Boehner: Won't Promise to Hold Debt Vote

Written by FrumForum News on Tuesday April 26, 2011

Politico reports:

Speaker John Boehner won’t guarantee a vote on raising the debt limit, the latest threat in an increasingly high stakes game of chicken with the White House over whether Congress will inch closer to letting the nation default on its credit.

Boehner, in an interview with POLITICO here Monday, also demanded that President Barack Obama give in to Republican demands to slash spending and dramatically change “the way we spend the people’s money.”

“If the president doesn’t get serious about the need to address our fiscal nightmare, yeah, there’s a chance it [the debt limit vote] could not happen,” Boehner told POLITICO after he toured a manufacturing company in this western Ohio town. “But that’s not my goal.”

The vote to increase the borrowing ceiling beyond the current limit of $14 trillion has become one of the defining issues for a House Republican majority that ran campaigns promising dramatic cuts in government spending. As the deadline draws closer to a debt ceiling vote, Republicans are starting to sound less compromising in their stance, even as Treasury officials warn of market calamity and economic “Armageddon” if Congress refuses a vote.

Boehner laid out several goals for any potential deal on the debt limit: He is calling for controls on discretionary spending and altering the nation’s entitlements like Medicare and Medicaid to be attached to the legislation to hike the debt ceiling.

He was noncommittal about holding a vote on that bill before July 4 — very close to the deadline by which Treasury says the U.S. will have hit its borrowing limit.

Boehner’s comments are his strongest to date in the debate over the debt limit – a stark contrast to his tight-lipped demeanor when he negotiated with Obama earlier this month over the budget deal that kept the government open while cutting $38 billion in spending.

The two-week congressional spring break is proving to be a pivotal time during the first few months of Boehner's speakership.

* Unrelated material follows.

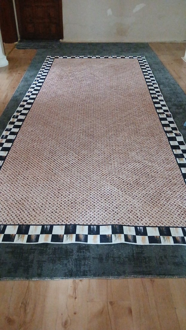 Kahverengi tonlarında, kare desenli geleneksel bir halıdır. Siyah-beyaz kareli çerçeve ile çevrilmiştir. dolabımda 50 ve 100 arası çok güzel ürünler mevcuttur toplu alımda yardımcı olurum
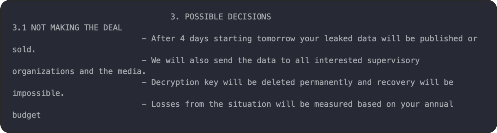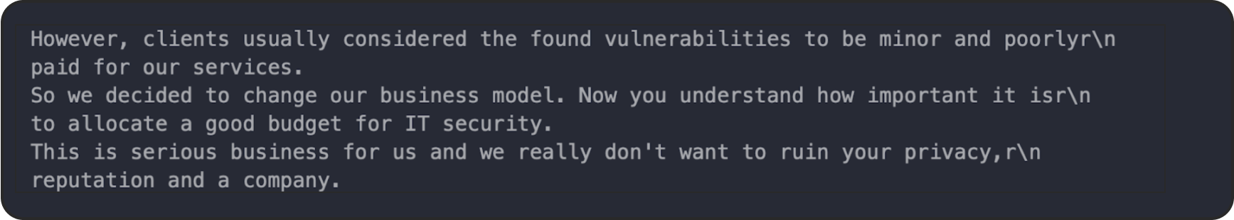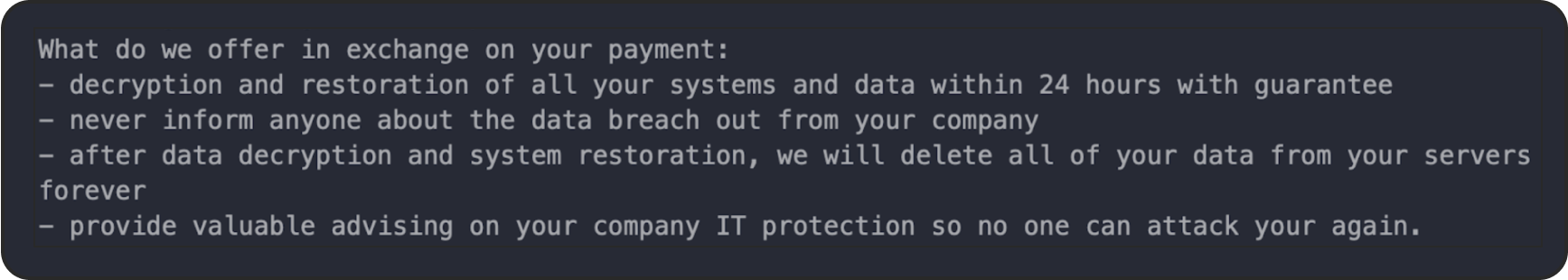 Ransomware groups now often provide personalized and negotiable ransom demands. They also often use a polite and conversational tone to engage victims in negotiations. This specific approach, combined with friendly or even apologetic language, is part of a broader trend where ransomware groups try to come across as more professional and cooperative. By doing so, they are trying to lower the victim’s defenses and prompt quicker payment.

He’s coming off a largely successful budget negotiation but he is under enormous pressure from the right not to offer any concessions on the debt limit — despite warnings from economists and Treasury experts that failure to raise the limit will shake global markets.

But while Boehner talks tough on the debt limit, some politically vulnerable Republicans are facing serious heat in town halls during the spring recess for their "yes" votes on Committee Chairman Paul Ryan’s (R-Wis.) 2012 budget, which would dramatically overhaul Medicare and Medicaid.

But Boehner is injecting those politically difficult programs back into the debate in advance of the debt limit vote, saying that “I think it’s time to deal with entitlement programs…on the debt ceiling.”

Tax increases, he has said, are a nonstarter.